Saturday, March 04, 2017

It Will Take AI to Discern and to Prove Genetic Discrimination



thescientist |  It wouldn’t be the first time Shubhayan Sanatani wrote one of these letters, nor would it be the last. A child under his care at the British Columbia Children’s Hospital had been unable to obtain health insurance ever since testing positive in a genetic screen for a sudden arrhythmia death syndrome (SADS). Whenever this happened to one of his patients, Sanatani, a pediatric cardiologist, would write a letter to the insurance company in question, explaining that the positive test did not necessarily indicate a significant increase in risk for a cardiac event.
“We haven’t had much to offer, other than to write letters of support saying the child has an extremely low risk of an event,” Sanatani told The Scientist. “All we can do, really, is advocate for our patients. I’m not confident about how successful we are.”
How often do parents discover that a genetic screening result has rendered their children uninsurable, or subject to prohibitively high insurance premiums? Sanatani resolved to find out. In a January 24 study in Circulation: Cardiovascular Genetics, Sanatani and colleagues conducted informal interviews of 202 people across North America who had either a SADS diagnosis (which, in 73 percent of cases, involved a genetic screen) or an affected family member. Despite its limitations—the survey did not ask when the alleged acts of insurance discrimination occurred, for instance—the self-reported results shed some anecdotal light on what Sanatani said he had been observing in his medical practice.

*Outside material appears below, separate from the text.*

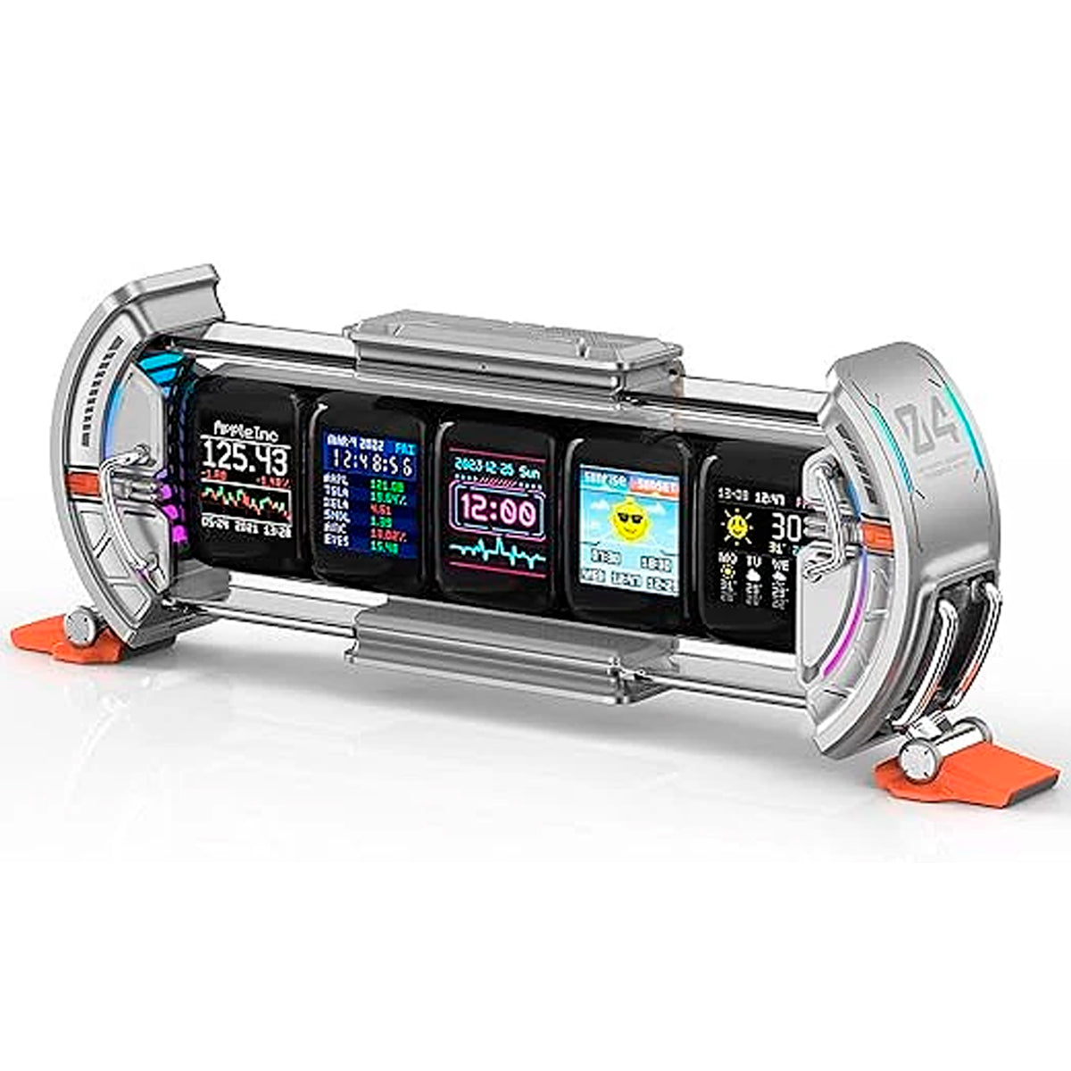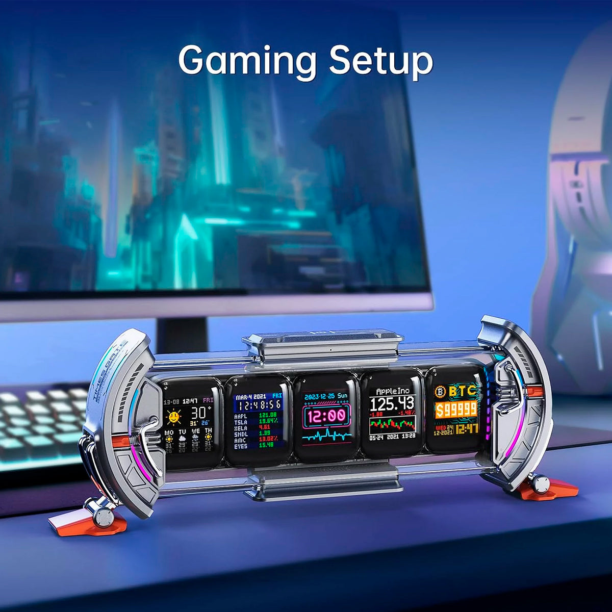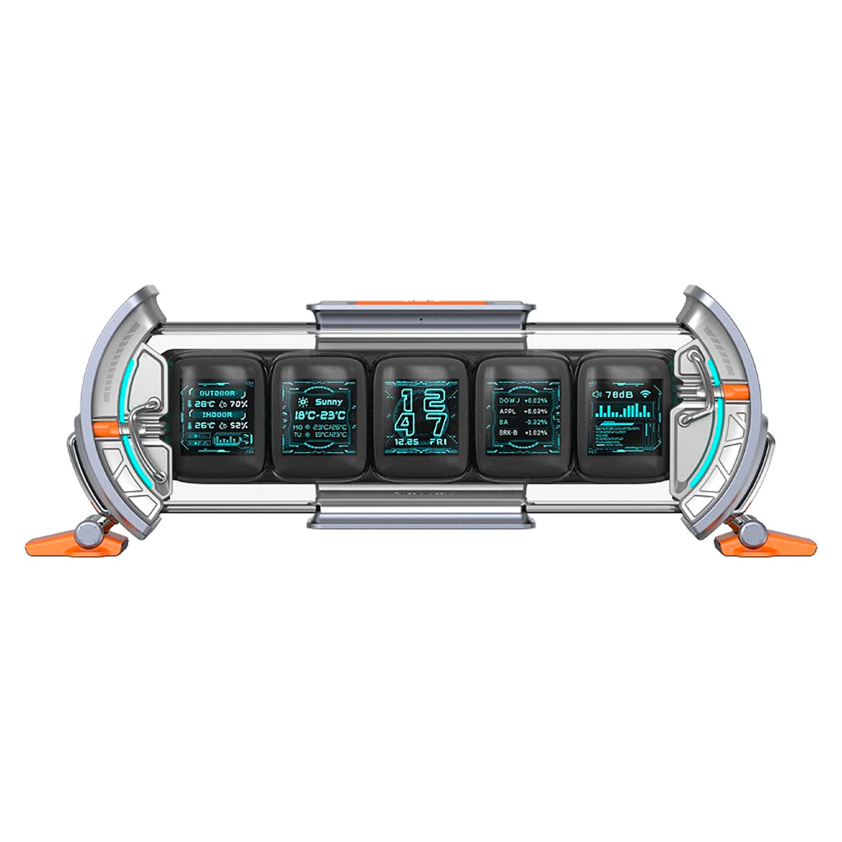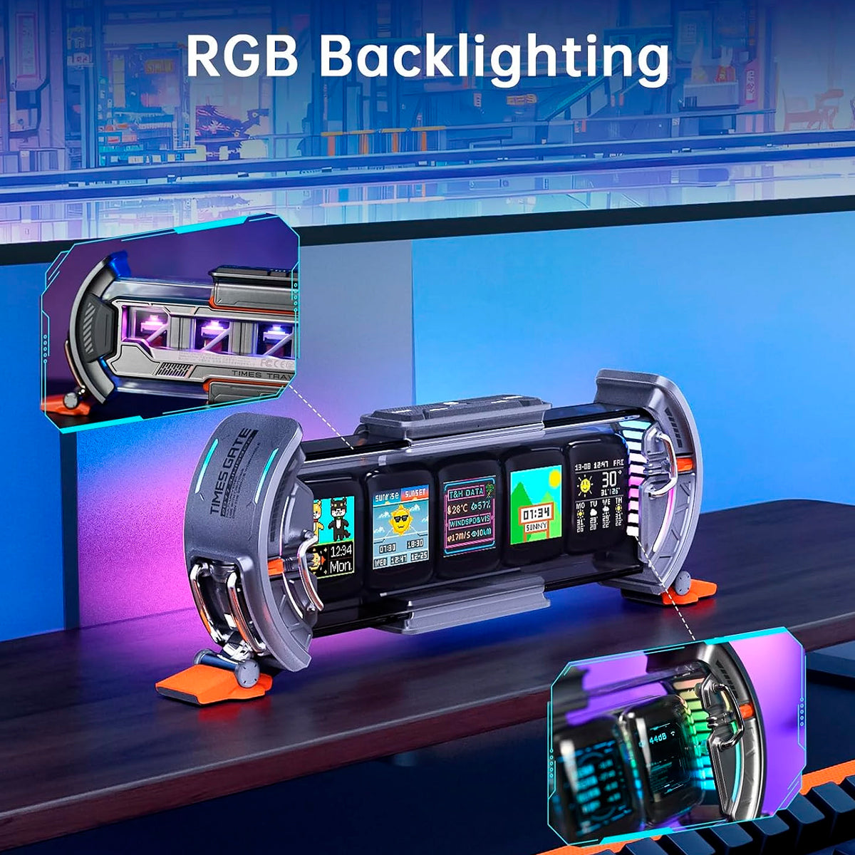 Times Gate consta de 5 pantallas LCD completamente a color que no solo simulan la hipnotizante luz del tubo Nixie, sino que también abordan la limitación de la corta vida útil del tradicional tubo Nixie y hacen que el reloj brille en un estilo ciberpunk de ciencia ficción, ¡genial!

Thirty-nine percent of the respondents with a SADS diagnosis or an affected family member reported an increase in their existing insurance premiums. Just more than half said they applied for insurance only after receiving the diagnosis; 60 percent of these respondents indicated that they were rejected by insurers.
Before initiating the study, “a lot of families came to us with the notion that having their kids tested would impact their health coverage, but whenever we went to the literature to see if we could substantiate this or refute this, we couldn’t find much,” Sanatani told The Scientist. Yet, after examining the data, the team concluded that “a large percentage of the respondents had experienced some form of insurance rejection,” he said, “with most of them being rejected on the basis of the diagnosis.”
The results were surprising because, according to the researchers, most of the survey respondents were from the United States, where the 2008 Genetic Information Non-Discrimination Act (GINA) should have protected them.